Я тогда не читал еще ни сочинений блаженного Августина, о которых упоминаю в начале этого рассказа,[19] и не знал превосходного положения Лаврентия Стерна*,[20] но просто по сердцу думал, что не может быть, чтобы митрополит счел за благоприятное для церкви приобретение такого человека, который, по меткому выражению Стерна, делает православию визит в своем поганом халате!
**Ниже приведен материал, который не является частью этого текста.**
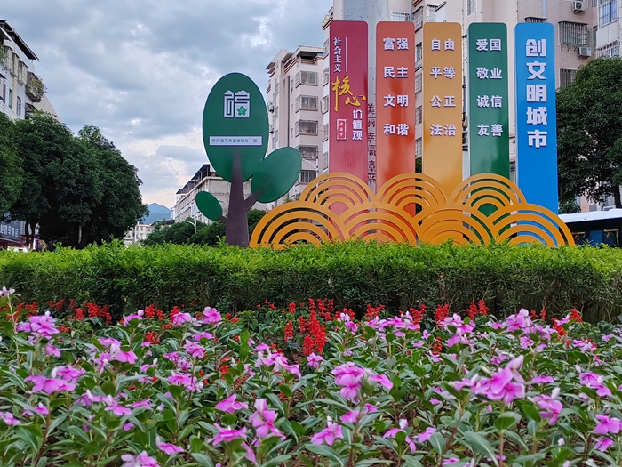 公益廣告“靚”起來,譜好“面子”曲。在主次干道、公園廣場、公交站點等重要節(jié)點增設(shè)公益廣告,對老舊破損的公益廣告進(jìn)行更新提升,同時將當(dāng)?shù)亍盎ㄠl(xiāng)、畫鄉(xiāng)、茶鄉(xiāng)”的文化和地域特色融入到廣告設(shè)計中,通過“潤物細(xì)無聲”的引導(dǎo)讓市民在潛移默化中接受文明的洗禮,營造“抬眼可見、駐足可觀、步步文明”的創(chuàng)城氛圍。2022年,城區(qū)增設(shè)燈桿旗862套、景觀小品50余個、宣傳欄50余處。
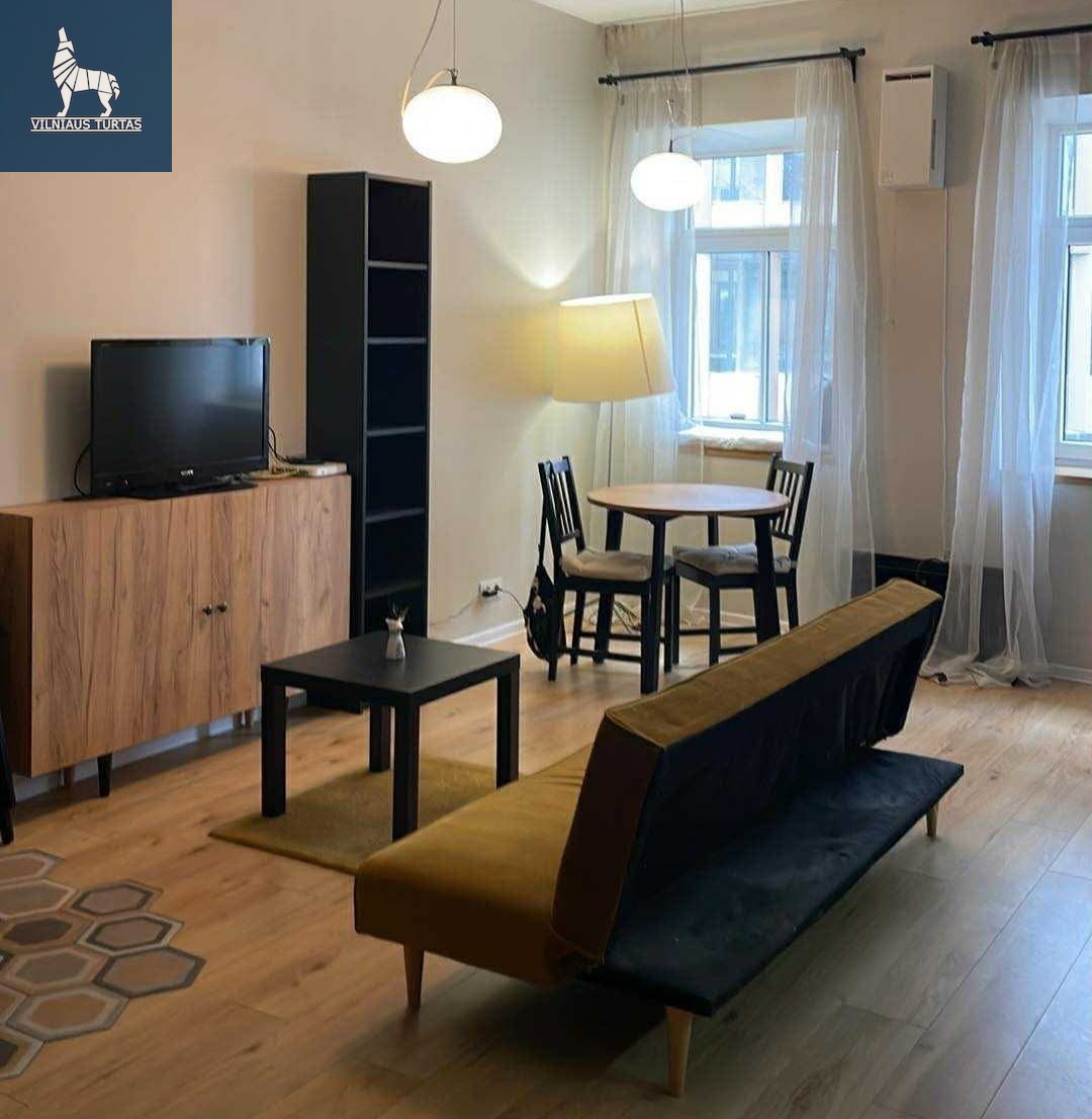 Išnuomojamas skoningai ir moderniai įrengtas 1,5 kambario butas Šnipiškėse, Kalvarijų g., 35 kv.m., 2 aukštas iš 3, su veikiančiu ŽIDINIU jaukiems vakarams.

Что за прибыль в новых прозелитах, которые потом составляют в христианстве тот вредный, но, к сожалению, постоянный кадр людей без веры, без чести, без убеждений — людей, ради коих «имя божие хулится во языцех».
«Нет, — говорил я себе, — нет: митрополит решит это правильно и прекрасно».
И я не ошибся, и теперь возвращаюсь к моему рассказу, с тем чтобы на сей раз уже заключить его концом, венчающим дело.
Приглашаю теперь читателя возвратиться к тому моменту, когда жид и чиновник поехали к митрополиту в лавру.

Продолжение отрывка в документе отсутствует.